Ejecutó su proyecto con la rapidez del rayo. Pero uno de los «momsi» se rehízo de pronto y dio un bayonetazo al fugitivo, cuyo busto estaba ya fuera del tren, en tanto que las piernas colgaban en el compartimiento. Napradán, al recibir el bayonetazo, que le atravesó una pantorrilla, dio un aullido de dolor, pero, al mismo tiempo, asestó tal coz en la cara del «momsi» que éste, por el momento, se tambaleó para caer luego sobre las rodillas del viejo que dormía profundamente en el rincón del compartimiento.

Mientras tanto Napradán había abandonado el tren.

Los dos «momsi» echaron a correr, de un lado a otro del vagón, gritando:

—¡Desertor! ¡Desertor!

Por último, el conductor comprendió de lo que se trataba y paró el tren. Cada uno de ellos echó a andar retrocediendo y, con un farol en las manos, acompañados por dos gendarmes. Estaban persuadidos de que el desertor, con las manos atadas y, además, herido debía de yacer con los huesos fracturados en cualquier lugar inmediato a la vía.

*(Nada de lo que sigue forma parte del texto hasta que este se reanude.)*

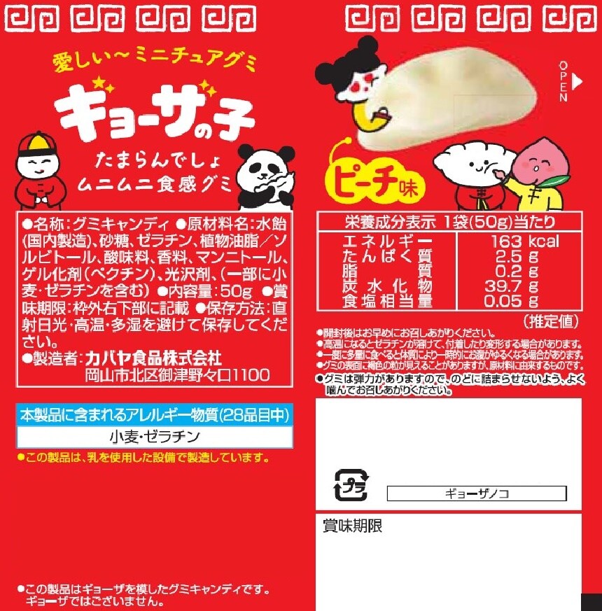 [64個]カバヤ食品 ギョーザの子 50g | ギョーザの見た目を再現した、インパクト大のグミ
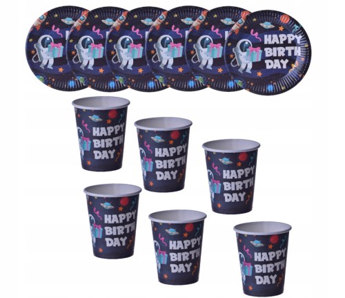 Zestaw urodzinowy kubki talerzyki kosmos galaktyka
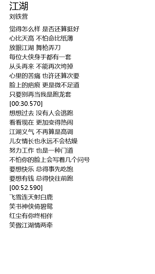 | [00:39.640] | jiāng hú yì qì bù zài suàn shì gāo diào |

Pero no consiguieron encontrarlo.

Napradán, con las manos encadenadas y la pantorrilla acuchillada, arrastrábase cojeando, con gran fatiga, pero ya muy lejos entre los negros rastrojos, confiando en que, en los campos, encontraría a un hermano húngaro, pastor, guarda campestre o porquerizo que consentiría en librarlo de las cadenas.